Originally Posted by Orthonormal,Dec 9 2010, 04:18 PM
Did you make that number up or did someone else make it up for you?
So I did some actual quick calculations to disprove this, because I'm a nerd. Here's what ends up happening:
1) Acceleration. One lb of rotating mass, if you assume the worst theoretical case of a rim not having spokes so all of the mass is at the edge of the wheel, and you assume 17" wheels and 255/40/17 tires, you get that 1 lb of additional weight will be like approximately 1.5 lbs of not rotating weight. Of course a more realistic approach with spokes is slightly less, maybe 1.4 lbs equivalently.
2) Braking.

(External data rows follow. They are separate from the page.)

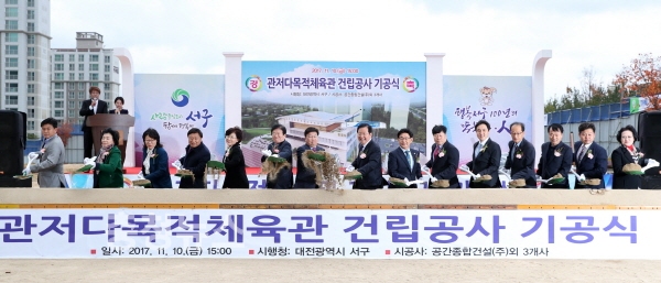 대전 서구(구청장 장종태)는 지난 10일 관저체육공원에서 장종태 서구청장을 비롯해 주민 300여 명이 참석한 가운데, 관저다목적체육관 건립공사 기공식을 열었다.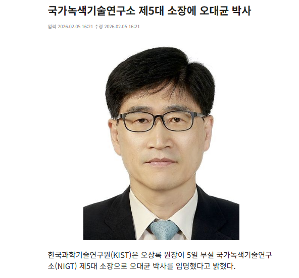오 소장은 "기술 공급자와 수요자, 사업자와 금융을 유기적으로 연계해 감축과 적응 분야에서 가시적인 성과를 창출하고, 부처별로 추진 중인 녹색기술 구현 역할을 집대성하는 허브로서 기능을 강화해 나가겠다"며 "출연연과의 적극적인 협업을 통해 연구 성과가 현장에서 활용되는 실질적인 기술 성과로 이어질 수 있는 플랫폼 역할을 충실히 수행하겠다"고 말했다.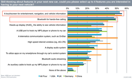 В рамках опроса IHS Automotive выяснила, что около 45% респондентов высказали намерение использовать приложения в автомобиле, если они помогут сделать процесс вождения лучше, а 35% ответили, что будут активнее пользоваться такими разработками, если они будут такими же, как на смартфонах. 75% опрошенных указали, что будут готовы платить за обновление приложений.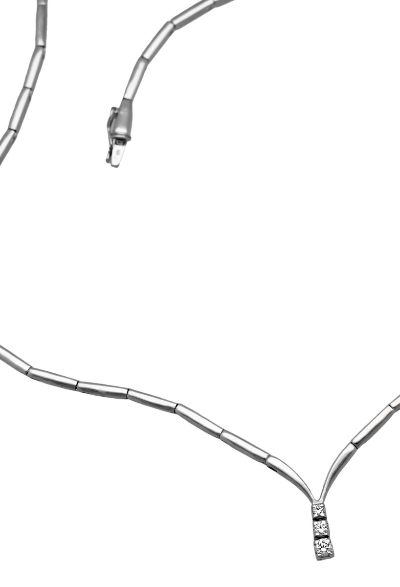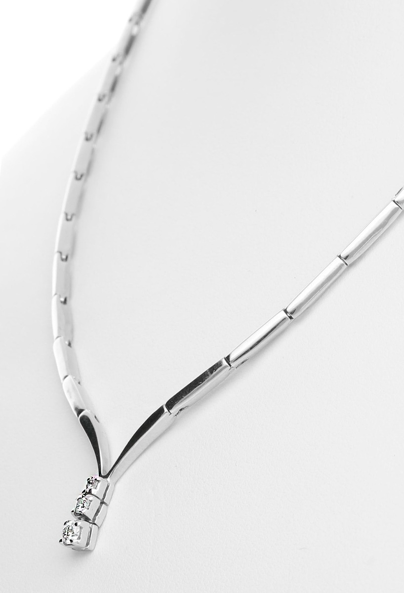 Gargantilla oro blanco 18 kilates con diamantes, fina y elegante hace resaltar la belleza femenina fijando en la misma todas las miradas, lucirla en ocasiones o de forma más habitual siempre te sentirás más especial, esta formada por tramos rígidos que formando un pico en su parte inferior esta rematada con 3 diamantes talla brillante dispuestos de menor a mayor y que se cierra con un sistema de lengüeta y cerrojillo seguridad de ocho en un lateral.

We're talking street tires here, so your tires are going to give before you reach max braking force, so rotational inertia is not going to be a factor since you're already not braking at your maximum. So 1 lb of additional wheel weight will be no different than a 1 lb weight duct taped to the control arm.
3) Handling. OK, here we're into unsprung weight. Less unsprung weight will help, but there's no way to put a number on it since it depends on the road surface.
In summary, sorry josh, but you're not gonna get 100 lbs equivalent savings.
I wonder if the rule you heard was if you save 1 lb per wheel, it'll save 8 lbs total? In other words the 8 lbs is taking all 4 wheels (4 lb rotational mass) into account already, meaning that they got 2 where I got 1.5. That's still really high, but it's at least in the ballpark and might be true for some cars on 20" wheels or something.
If anyone wants me to go into more detail on what I did I can but I'm guessing nobody cares
Originally Posted by macr88,Dec 9 2010, 01:48 PM
I was asking you what your spring rate is but I don't have any settings on my stock bars.
I have 800/700 off the car at the moment, and I am putting in 450/375 for the winter right now.
Next year I was thinking about going to 700/550, but the chance of me moving out of the country is good, so I'm holding off until I know.
Originally Posted by IntegraR0064,Dec 9 2010, 09:01 PM
ouch, with "answer" in quotes, them's fighting punctuation 

It's always nice to have the correct info or at least close to it?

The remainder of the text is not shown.